-- Exercise instructions --
The expected output is exactly the lines below, starting at the line with "Раніше ставка у" and ending at the line with "Газпром, АГНКС по", both included; no other line belongs in it.

** Available data follows **

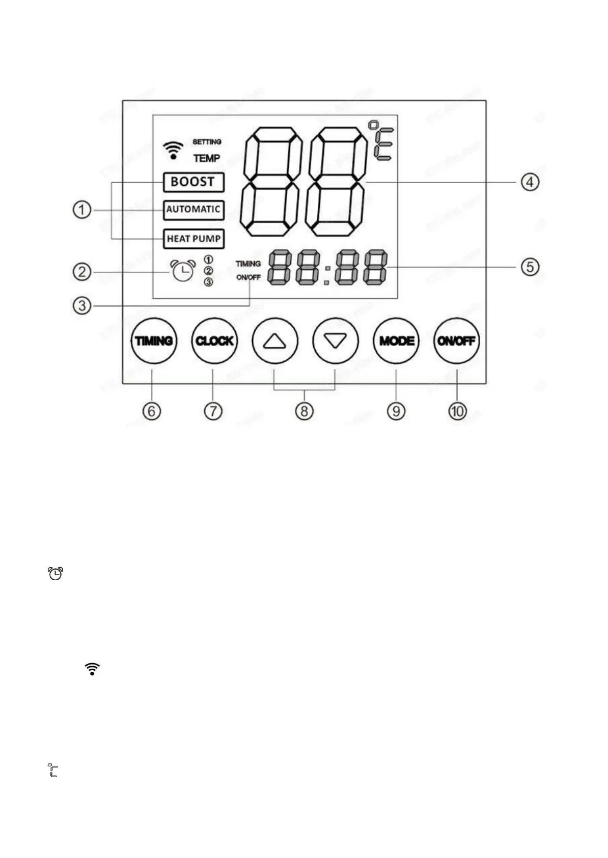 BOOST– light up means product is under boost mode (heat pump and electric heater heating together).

** End of Available data **
** Available data follows **

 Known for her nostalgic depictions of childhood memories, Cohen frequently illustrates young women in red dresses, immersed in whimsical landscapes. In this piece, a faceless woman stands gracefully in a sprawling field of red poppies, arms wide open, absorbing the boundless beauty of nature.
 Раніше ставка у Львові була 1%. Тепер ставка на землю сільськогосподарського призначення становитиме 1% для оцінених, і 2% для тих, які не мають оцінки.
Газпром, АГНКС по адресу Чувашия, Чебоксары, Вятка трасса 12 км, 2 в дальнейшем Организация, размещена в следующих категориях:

** End of Available data **

-- Finished task --
 Раніше ставка у Львові була 1%. Тепер ставка на землю сільськогосподарського призначення становитиме 1% для оцінених, і 2% для тих, які не мають оцінки.
Газпром, АГНКС по адресу Чувашия, Чебоксары, Вятка трасса 12 км, 2 в дальнейшем Организация, размещена в следующих категориях:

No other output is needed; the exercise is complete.